What to produce — Starting at the line that contains "G*G Pewter Long", write out every line to the end of the records below exactly, and leave out the pictures.
* * * *
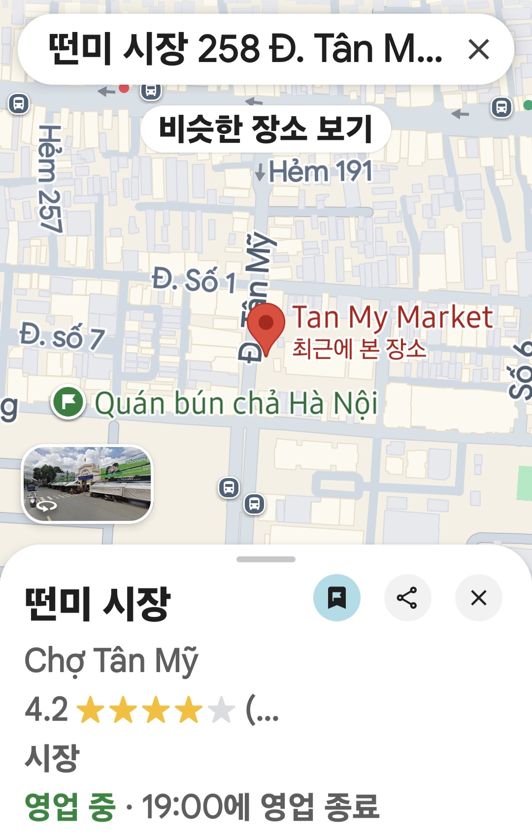 사진속 오른쪽이 떤미시장 정문이고 횡단보도 반대편 보이는
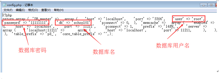 有时候我们需要知道该网站的数据库配置信息,如果数据库用户名、密码、数据库名等这些信息:
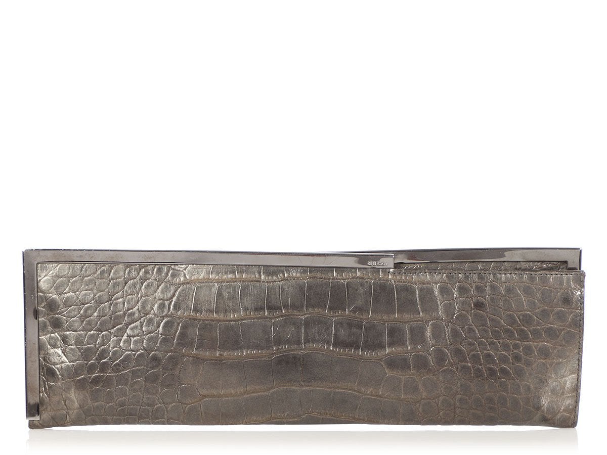 G*G Pewter Long Crocodile Embossed Frame Clutch
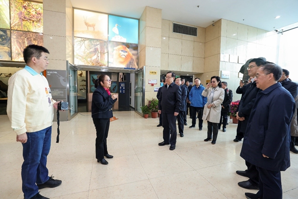 随后,在动物博物馆张劲硕副馆长的讲解下,蒋作君一行参观了濒危动物展厅、鸟类展厅和正在进行的第五届中国动物标本大赛作品展。
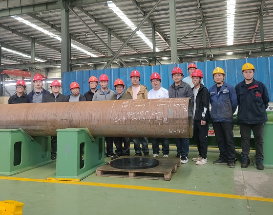 ? ? 2023年4月6-9日,中油寶世順(秦皇島)鋼管有限公司(以下簡(jiǎn)稱“寶世順公司”)擴(kuò)徑機(jī)項(xiàng)目組成員對(duì)華進(jìn)公司制作的新能源管材生產(chǎn)線全長(zhǎng)擴(kuò)徑機(jī)組進(jìn)行預(yù)驗(yàn)收。寶世順公司項(xiàng)目組一行首先對(duì)供貨設(shè)備外觀進(jìn)行查驗(yàn),其次,按照供貨明細(xì)進(jìn)行盤查清點(diǎn),最后在設(shè)備裝配現(xiàn)場(chǎng),使用該臺(tái)設(shè)備對(duì)直縫焊管(型號(hào):直徑610mm,長(zhǎng)度12.5米)進(jìn)行分步擴(kuò)徑。在預(yù)驗(yàn)收總結(jié)會(huì)上,寶世順公司項(xiàng)目組成員對(duì)華進(jìn)公司制作的設(shè)備給予高度評(píng)價(jià),最終得出結(jié)論為全長(zhǎng)擴(kuò)徑機(jī)組的外觀、性能均符合預(yù)驗(yàn)收的標(biāo)準(zhǔn)。
* * * *
Response for this exercise —
 G*G Pewter Long Crocodile Embossed Frame Clutch
 随后,在动物博物馆张劲硕副馆长的讲解下,蒋作君一行参观了濒危动物展厅、鸟类展厅和正在进行的第五届中国动物标本大赛作品展。
 ? ? 2023年4月6-9日,中油寶世順(秦皇島)鋼管有限公司(以下簡(jiǎn)稱“寶世順公司”)擴(kuò)徑機(jī)項(xiàng)目組成員對(duì)華進(jìn)公司制作的新能源管材生產(chǎn)線全長(zhǎng)擴(kuò)徑機(jī)組進(jìn)行預(yù)驗(yàn)收。寶世順公司項(xiàng)目組一行首先對(duì)供貨設(shè)備外觀進(jìn)行查驗(yàn),其次,按照供貨明細(xì)進(jìn)行盤查清點(diǎn),最后在設(shè)備裝配現(xiàn)場(chǎng),使用該臺(tái)設(shè)備對(duì)直縫焊管(型號(hào):直徑610mm,長(zhǎng)度12.5米)進(jìn)行分步擴(kuò)徑。在預(yù)驗(yàn)收總結(jié)會(huì)上,寶世順公司項(xiàng)目組成員對(duì)華進(jìn)公司制作的設(shè)備給予高度評(píng)價(jià),最終得出結(jié)論為全長(zhǎng)擴(kuò)徑機(jī)組的外觀、性能均符合預(yù)驗(yàn)收的標(biāo)準(zhǔn)。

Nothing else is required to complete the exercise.